Safety in Remote Areas
Over the past few years, there has been an explosion of companies offering Australians the opportunity to trek the Kokoda Trail. The volume of trekkers has increased significantly, and as a result there has been an increasing number of injuries and evacuations. This confirms that trekking Kokoda is a tough and challenging proposition; prospective trekkers need to understand this, and take responsibility when choosing to take this on.
There are a number of simple precautions to minimise chances of sickness, injury or failure when trekking on the Kokoda Trail, or indeed undertaking any remote adventure activity. One is in selection of an appropriate operator, and you need to be confident that your operator has an appropriate Risk Management Plan to take care of you in the event of an emergency.
Below is a tip sheet created to assist in selecting a trekking operator:
- Has the operator a current registered KTA operator’s licence? Ask for the number!
- How long has the company been operating in PNG? Trekking Kokoda is not the same as trekking Nepal or the Pyrenees.
- What is the operator’s serious incident / casualty record?
- What are the Risk Management Procedures for an emergency?
- Find out if the operator principals actually do the trek. Although many companies (us included!) have a number of great trek leaders working for them, the principals still need to be out there, to stay on top of what’s happening.

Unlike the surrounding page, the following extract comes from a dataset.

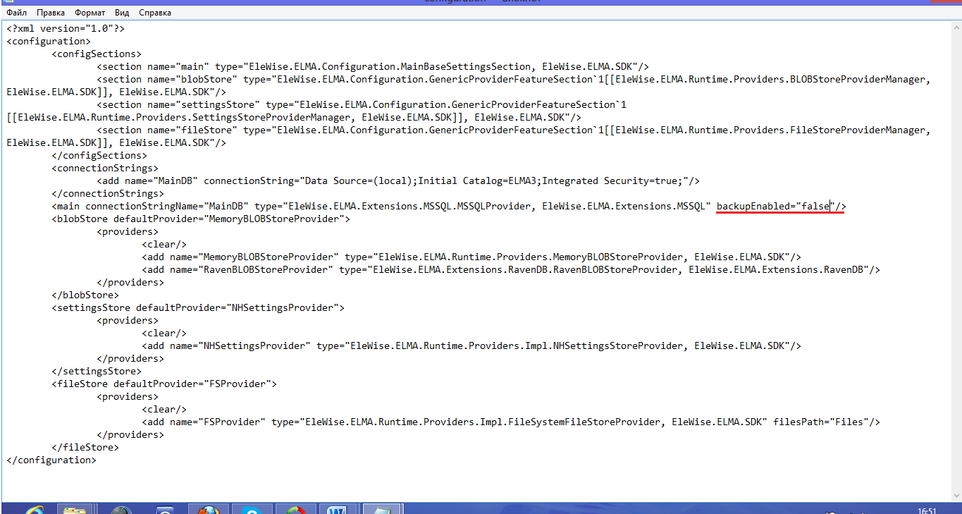 Для того, чтобы отключить резервное копирование БД при старте сервера ELMA, необходимо внести изменения в конфигурационном файле configuration.config.

- Ask what the operator does to assist your trek fitness preparation. Some operators offer training programs or assistance. If you live in a remote area, you should discuss the operator’s specific fitness requirements.
- Call the operator and ask questions. A great website doesn’t always equate to a great trekking operation. Find someone who is happy to chat with you and answer your questions and concerns. If they haven’t got time for you before you leave, chances are they may not have time for you on the track either
- Attend information sessions. An operator who cares about your trekking experience will want to ensure you are properly prepared, in terms of fitness, equipment AND expectations. There is a great deal of information to be relayed, particularly in terms of health and safety. Find out for yourself how these issues are addressed
- Ask for References. Quality operators will publish testimonials from trekkers on their website. Ask for permission to speak with previous trekkers – that way you can ask your own questions directly
- Is your money protected by the Travel Compensation Fund? The TCF is designed to protect consumers from operators who lose your money by going broke.
- Does the operator have Public Liability Insurance? Ask for a copy of the Certificate!
Adventure travel in remote areas can be a life changing and empowering experience, however it is vital that the correct approach and preparation is taken. It is imperative that you understand that you will be undertaking strenuous activity in a remote area, and that medical assistance may not be immediately available. You must purpose train –having a high level of cardiovascular fitness is a good start, however successful trekkers train on hilly terrain for a considerable period prior to undertaking the trek itself. Successful cyclists train on their bikes and those undertaking kayaking and canoeing activities purpose train also. You must also have a good understanding of the conditions expected, and their requirements whilst on the track.
Other useful questions for any destination:
- What are the inclusions / exclusions? Most operators cost their treks differently – a lower priced trek may not include all accommodation or meals (on and off track).
- Check if you are required to hire tents, etc.
- Does the trek include an Australian leader? A local led trek may come at a lower cost, but may not include the same attention to history, safety or group dynamics as an Australian led adventure.
- What First Aid qualifications to the leaders have?
- What group sizes does the trek operator run?
- What food is served on the track?
- What historic and/or cultural sites are available along the way, and is the cost of entry included?
Ensure that you properly research the activity, the terrain and the trek operator. Remember that – as with most things in life – the cheapest is rarely the best.